Sleep disturbances are common in Parkinson’s disease (PD) and significantly impact patients’ quality of life. However, the clinical symptoms associated with poor sleep remain underexplored. The Patient-Reported Outcomes in PD (PRO-PD) is a remote patient monitoring tool enabling symptom-level resolution. The goal of this study was to use the PRO-PD to describe symptomatic differences associated with sleep quality.

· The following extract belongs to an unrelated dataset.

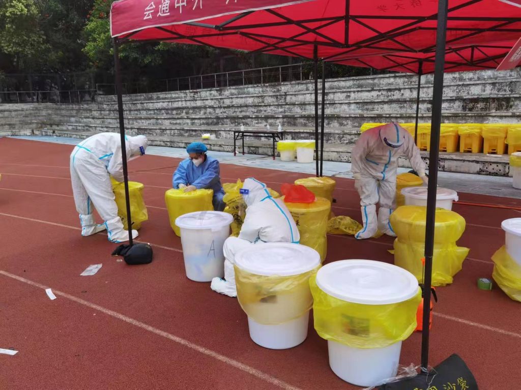 核酸检测后,物业工作人员在清理垃圾

A cross-sectional analysis was conducted using baseline data of an ongoing prospective cohort study of patients with idiopathic PD (IPD). Sleep quality was assessed using the Pittsburgh Sleep Quality Index (PSQI), while disease severity was evaluated using the PRO-PD. Multivariable regression analysis was performed to judge the association between PSQI and PRO-PD, adjusting for age, gender, income, and years since diagnosis.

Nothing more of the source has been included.